Book 3, chapter 2, paragraph 33

[De la richesse commerciale, Sismondi, 1803, Original, 192-194]

   AUBE. Le Département de l’Aube est du petit nombre de ceux dont les manufactures sont favorisées par le monopole que donnent les douanes. L’on avait établi dans la ville de Troyes une manufacture d’étoffes de coton, à l’imitation des Anglais que l’on voulait rivaliser; mais les basins, futaines, piqués, et toiles de coton, qui sortaient de cette fabrique, ne pouvaient et ne peuvent encore soutenir la concurrence des Anglais, qui travaillent mieux et à meilleur marché. La manufacture fut donc surtout florissante quand les anciennes prohibitions étaient maintenues dans toute leur force. L’année 1784 était l’époque de sa plus haute prospérité: le traité de commerce qui se fit peu après avec l’Angleterre, et qui affranchit les consommateurs de nombre d’extorsions, fit jeter les hauts cris à tous ceux dès fabricants dont la prospérité était artificielle. Ceux de Troyes furent obligés de diminuer progressivement le nombre de leurs métiers, dès cette époque jusques en 1792. Depuis lors la prohibition des marchandises anglaises leur a rendu de la vigueur, et ils se soutiennent en dépit de la dilapidation de leurs capitaux. Quelques pertes que leur aient causé le maximum, la chute des assignats, et une taxe révolutionnaire de 1,800,000 francs eu numéraire, qu’on les a forcés de payer, leur commerce est aussi actif qu’en 1791, parce qu’au moyen du monopole, ils ont attiré à eux les capitaux de l’agriculture, et des autres commerces plus réellement utiles au pays (18). Il paraît qu’il y a actuellement 1103 métiers travaillants pour cette manufacture, et qu’il en reste 367 qui ne sont point occupés. On ne peut savoir au juste quel était leur nombre, et la somme de leur produits avant le traité de commerce de 1786; car il y a à cet égard la plus grande contradiction entre les cit. Loiselet et Descolins d’une part, et le cit. Beugnot de l’autre; si l’on en croit les premiers qui cherchent à relever l’importance de la manufacture, elle occupait alors 3240 métiers, et produisait une valeur de 9,933,600 fr. D’après le second, ses produits n’auraient valu que deux millions; il ne paraît pas qu’ils aillent à présent fort au delà d’un million de francs.

[Translation]

   AUBE. The department of Aube is one of the few where manufactures are given preferential treatment by means of monopoly made possible by customs duties. In the city of Troyes, a cotton mill was built in imitation of the English ones that we wanted to rival. But the brocade, fustian, piqué, and cotton cloth, which came from this manufactory, could not and cannot still compete with the English counterparts, which are more productive at a lower cost. Therefore, the manufactory was, above all, flourishing when former prohibitions were maintained with all their force.
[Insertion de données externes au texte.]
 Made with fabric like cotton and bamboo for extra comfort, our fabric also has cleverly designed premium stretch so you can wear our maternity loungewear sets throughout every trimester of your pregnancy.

The year 1784 saw the manufactory the most prosperous; the commercial treaty, which was concluded with England soon and which emancipated consumers from a number of extortions, provoked outcries against those manufacturers whose prosperity was artificial. Manufacturers in Troyes could not help diminishing gradually the number of their looms from this time to 1792. Since 1792, the prohibition of English commodities has permitted them to regain vigour, and they are sustained in spite of the misappropriation of their capitals. Whatever loss they may sustain thanks to the maximum price act, the collapse of assignats and a revolutionary tax of 1,800,000 francs in specie, which we could not help paying, their trade is as active as in 1791, because, by means of monopoly, they have attracted capitals from agriculture and other branches of trade which are really more useful to the country (18). It seems that there are at present 1103 weaving looms for this manufactory, and that 367 of them are left unemployed. No one can know exactly their number and the amount of their produce before the commercial treaty of 1786, because there is the greatest contradiction in this respect between the said Loiselet and Descolins on the one hand, and the said Beugnot on the other hand. If you believe the formers who try to emphasise the importance of the manufactory, then it employed 3240 weaving looms, and produced 9,933,600 francs in value. According to the latter, its produce was only worth 2 million. It does not seem that at present its produce is much more than one million francs.

Sunday, 18 April 2010

Book 3, chapter 2, paragraph 32

[De la richesse commerciale, Sismondi, 1803, Original, 191]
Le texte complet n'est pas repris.